*Problem to solve*: The material below includes pictures; leave them out and return only the lines between the line containing "Cum trebuie sa" and the line containing "用一定的藥物或者是日常生活用", inclusive, word for word.

*Data for analysis*:

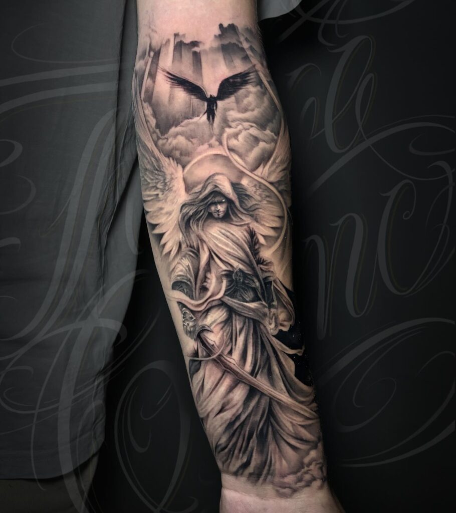 This striking forearm tattoo depicts a powerful archangel cloaked in flowing robes, holding a sword and standing amidst clouds. Above, a soaring bird emphasizes freedom and transcendence, enhancing the divine atmosphere. The detailed shading creates a sense of depth, making the angel appear both protective and commanding.
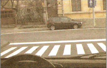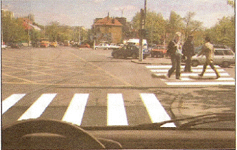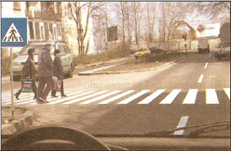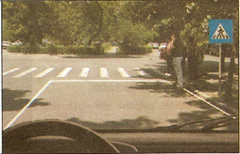 Cum trebuie sa te comporti in aceasta situatie? a) accelerezi, pentru a trece prin fata pietonilor; b) opresti, pentru a permite pietonilor traversarea; c) dai un semnal scurt de avertizare, pentru ca pietonii sa ramana pe trotuar. |
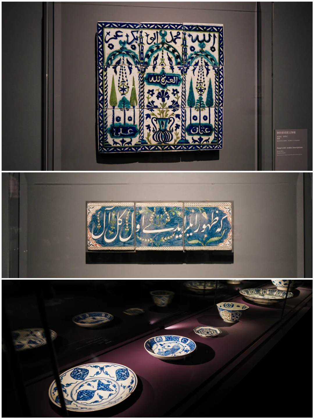 ⚱️伊朗板块:蓝紫色调氛围感拉满,诗会图釉面陶板再现古人斗诗场景,承载着文学与诗歌意象,见证丝绸之路的美学交融。
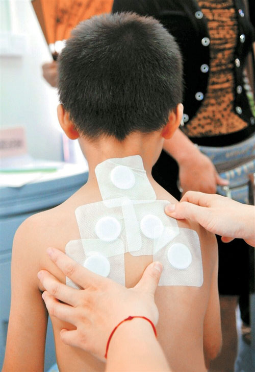 用一定的藥物或者是日常生活用品把它跟人的皮膚接觸,然后起到一定的作用,這叫貼敷或者外敷。像「三九」和「三伏天」,我們有「三伏貼」、「三九貼」,這個就是通過特定的穴位把藥物敷上之后,然后讓藥進入體內,通過皮膚給藥;而拔罐和刮痧也可以治療一些小孩的病。
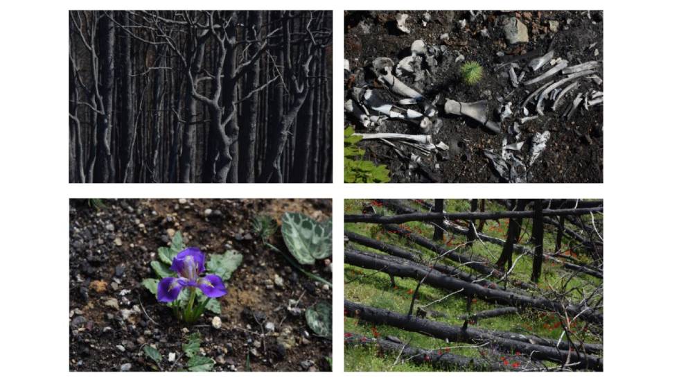 “Dans son travail, Maryvone Arnaud montre bien que là où un incendie se produisait en théorie et naturellement, toutes les N décennies, voir les N siècles, là, il arrive à se produire 4 fois par décennies” commente Charles Lemarchand. “La forêt n’a pas le temps de se reconstituer et au bout d’un moment, après plusieurs passages d’incendie sur le même endroit, le sol est complètement brûlé, la banque de graines au sol est également décomposée, on a donc une simplification de la flore qui s’installe et une forêt qui n’est plus fonctionnelle. C’est ce que montre cette exposition photo”.
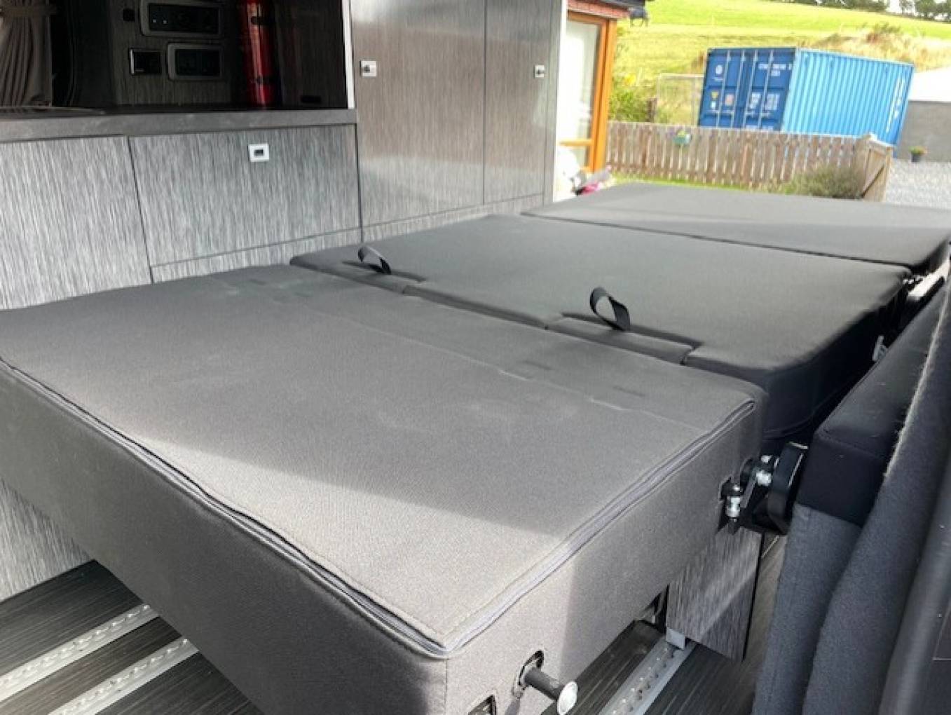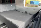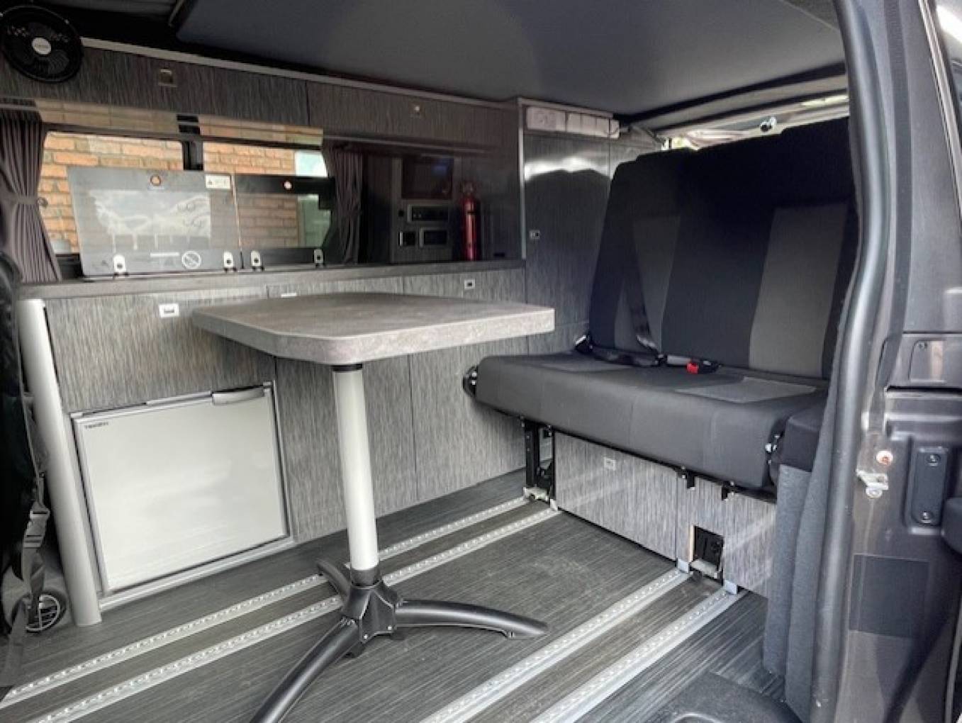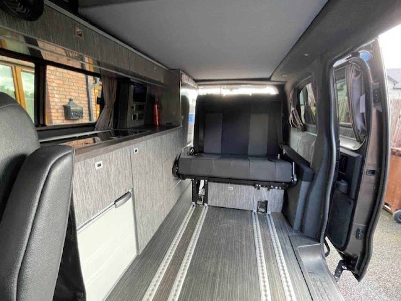 The rear seats have 2 fitted travelling seat belts. 2 rails have been fitted to allow this area to slide forward creating storage space.

*Result for this task*:
 Cum trebuie sa te comporti in aceasta situatie? a) accelerezi, pentru a trece prin fata pietonilor; b) opresti, pentru a permite pietonilor traversarea; c) dai un semnal scurt de avertizare, pentru ca pietonii sa ramana pe trotuar. |
 ⚱️伊朗板块:蓝紫色调氛围感拉满,诗会图釉面陶板再现古人斗诗场景,承载着文学与诗歌意象,见证丝绸之路的美学交融。
 用一定的藥物或者是日常生活用品把它跟人的皮膚接觸,然后起到一定的作用,這叫貼敷或者外敷。像「三九」和「三伏天」,我們有「三伏貼」、「三九貼」,這個就是通過特定的穴位把藥物敷上之后,然后讓藥進入體內,通過皮膚給藥;而拔罐和刮痧也可以治療一些小孩的病。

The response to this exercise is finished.